I first discovered that church-state jurisprudence existed—and that it could enhance my life—at age seven. On June 17, 1963, the U.S. Supreme Court handed down its 8–1 verdict in the combined cases Abington School District v. Schempp and Murray v. Curlett. Both concerned state-sponsored Bible reading in public schools; the High Court thundered that this practice violated separation of church and state and must cease.*
I was then an enthusiastically conservative young Roman Catholic. Yet I applauded the verdict, insofar as I understood it. I belonged to a small minority of Catholic students attending majority-Protestant public grade schools (family lore is inconclusive as to why I wasn’t enrolled in parochial schools, as was expected of most Catholic parents in those days). When I entered the third grade that September, the verdict’s results satisfied my expectations. The Bible reading that formerly began each school day had been purged. I approved because it had always used the King James Version—you know, the Protestant Bible. (In second grade I’d noticed that familiar passages were worded differently from the way I’d heard them read at Mass from Catholics’ Douay-Rheims Version.) As the holiday season loomed, I got a bonus; perhaps over complying with the high court, administrators struck religious carols from the Christmas assembly. The year before, I’d disliked being compelled to hear Away in a Manger set to the melody popular among Protestants, not that favored by Catholics.** (This was before the Second Vatican Council; precocious, religiously conservative Catholic children tended to notice such things, and to worry that forced exposure to tokens of Protestantism might endanger their souls.) (Yes, really.) (No wonder I became an atheist.)

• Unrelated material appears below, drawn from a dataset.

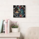 Whimsical Cat Forging Weapys in Fantasy Workshop Quadratische Wanduhr

My euphoria at learning that my public grade school in Erie, Pennsylvania, quit striving to damn me to hell vividly demonstrated what progressive church-state jurisprudence could offer a member of a worldview minority, launching my enduring interest in church-state matters. As it happens, I had great timing: Abington v. Schempp and Murray v. Curlett (along with their immediate predecessor, the 1962 Engel v. Vitale, which forbade public schools from composing an official prayer and compelling its recitation) marked the beginning of a “golden era” in church-state jurisprudence. For decades to come, the High Court chipped away at Protestantism’s entrenched preference in American life. From these decisions emerged new freedoms for those who believed differently or (sometimes) not at all.
Like many in my generation, I grew up hoping that America was bound toward a bright secular future in which religion would be treated as a purely private affair. I longed to see religious symbols and expression barred from public spaces. Only that, I thought, could make them optimally welcoming to citizens of every shade of religious opinion.Only that would prevent the Protestant majority from oppressing me using the mechanisms of the state.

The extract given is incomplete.